Is something unspeakably horrible going to happen? I don’t know. I’m only saying that there is something in the air — a grimness, a bracing. Perhaps I’m just scaring myself over nothing. I turn for relief to my oldest, dearest friends. Boswell, of course:

Edwards. “You are a philosopher, Dr. Johnson. I have tried too in my time to be a philosopher; but, I don’t know how, cheerfulness was always breaking in.”

I smile, but somehow the relief doesn’t come the way it should. “The future casts its shadow into the past,” said Schopenhauer, who actually was a philosopher. I can’t shake off the feeling that we are living, right now, in that chill shadow. Now, I am not a fundamentalist. I don’t believe I am going to be “raptured” up to Heaven, or whatever the opposite is down to the other place, in between breakfast and lunch next Tuesday. I don’t even think the world is going to be annihilated. I just think that we have come to the end of a golden age of peace and security, and there are some nasty things lurking in the near future. We are heading, in Kevin Myers’s memorable phrase, into the realm of chaos.
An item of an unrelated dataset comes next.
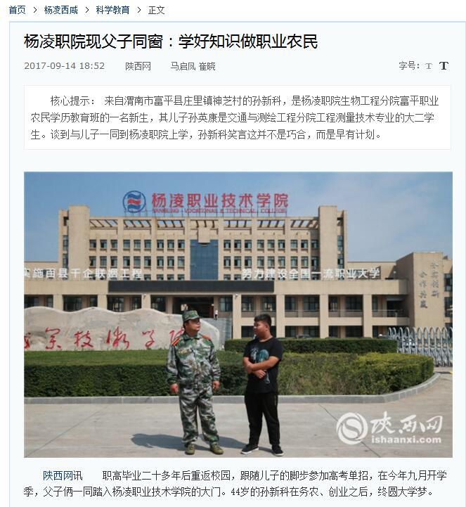 【陕西网】杨凌职院现父子同窗:学好知识做职业农民
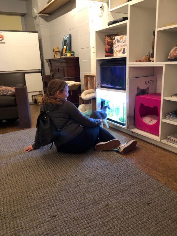 Before we hit our new status of stay at home the peas and I were lucky enough to hang out with some friends and go to a few amazing local places. One place that the peas had been begging to go to was our local cat cafe Eat, Purr, Love.

The other day I was on the checkout line at a convenience store. The people in front of me were having a conversation. One of them, a middle-aged man, was talking about his daughter, whose car had just been stolen. The girl was, apparently, inconsolable. Said her Dad: “She just mopes around the house saying, ‘They stole my Camry.’ The poor kid, she loved that car. It had a CD player with a six-disk changer. Really, she just can’t get over it.” The man speaking looked to be no more than 45. I can’t imagine his daughter was much over 20. And this was the great disaster of her life: “They stole my Camry.”

Look at us! Look at the gross vulgar overflowing fat wealth we live amongst! Look at the great cars that 20-year-old kids drive 400 yards to the mall, to buy things they don’t need, gadgets to pack into houses already overflowing with gadgets, clothes to cram into closets stuffed with clothes. Look at the work we do, sitting in humming cubicles scrolling through screens full of numbers, numbers that measure our wealth. Look at the bright, airy schools our kids attend, to be taught that their ancestors were moral criminals, their parents are liars, their culture is a sham. Look at our “reality TV” programs, where people with empty heads wallow in infantile hedonism. Look at our fool diplomats, poring over their treaties and resolutions and communiqués, while young men with burning eyes slip silently into our cities with boxes, canisters, cargoes, vials, and suitcases curiously heavy. Look at this proud tower! And feel its foundations tremble.

* Johnson belongs to the so-called “Catholic Church,” a splinter sect of the True Faith.